Historically, revolutionary movements emerged during crisis. It is time for the intellectuals, activists and progressive leaders to articulate hopes and dreams of a better alternative that resonates with people, and their everyday experiences. The principle of listening and learning from the people can create conditions of collective empowerment and solidarity. The collective imagination can help in creating political spaces of possibilities of a mass movement, with both short-term goals of achieving people’s basic needs, and long-term visions for future transformations based on human emancipation from poverty, hunger, homelessness and all forms of inequalities. Constructing alternative narratives for this struggle mean rethinking the capitalist conditions of production, distribution and exchange mechanisms within international economic system. It is not about opposing technological automation; technology after all is a product of labour. So, it is about giving labour its due for a comfortable, dignified and leisurely creative life. It is about stopping further environmental damages. The framework of shared experiences and common visions can be used to shape local, national and transnational struggles for liberty, fraternity, equality and justice. The struggle based on sharing and caring can only transform the solitary atomised life under capitalism accelerated by the coronavirus pandemic.

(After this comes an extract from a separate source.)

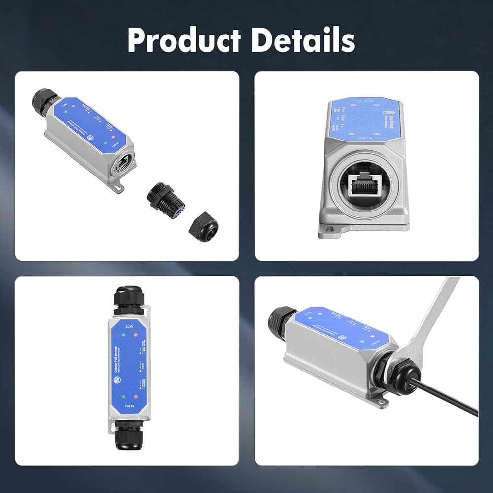 【IP67 Outdoor weatherproof】 Industrial grade ABS polymer material shell, cable interface all protected in the shell, with waterproof cap, with better waterproof, dustproof, snowproof effect, more suitable for outdoor use; also suitable for complex indoor environment, such as warehouses, computer rooms, garages, attics, etc. **Network cable through the waterproof cap and then make RJ45 connector**

Crisis breeds mass movements both in its progressive and regressive forms. Mass movements lead to social, cultural, economic, and political transformations. The progressive, secular, liberal and democratic transformation of society and state depends on the emancipatory agendas of the mass movements. It is only the progressive mass movements, that fortify our present, shape our future and it will provide ideological directions to all future movements. The digital renaissance depends on our resolve to uphold the spirit of science and reason in one hand, and to fight against individualist market dogmas of capitalism and religious fundamentalism on the other hand.
How can we fight capitalism and Coronavirus pandemic? History offers successful tools for revolutionary mass movements. The Non-Cooperation movement was one such movement which was launched by Mahatma Gandhi against British colonialism in India. The movement crippled the British colonialism in India as Indians stopped working for the British and boycotted British goods in Indian markets. The motto of the movement was based on the simple idea of independence and self-governance. The ‘Non-Cooperation’ as a tool can be used to mobilise and implement resistance movements even during this lockdown. Digital revolution and technological innovations can facilitate the resistance movement. Non-cooperate and boycott all forms of capitalist framework in everyday life can be the starting point in search of a better alternative to the pandemic of capitalism.
(The author is a Senior Lecturer of Business Strategy at Coventry University, UK. Views expressed are personal.)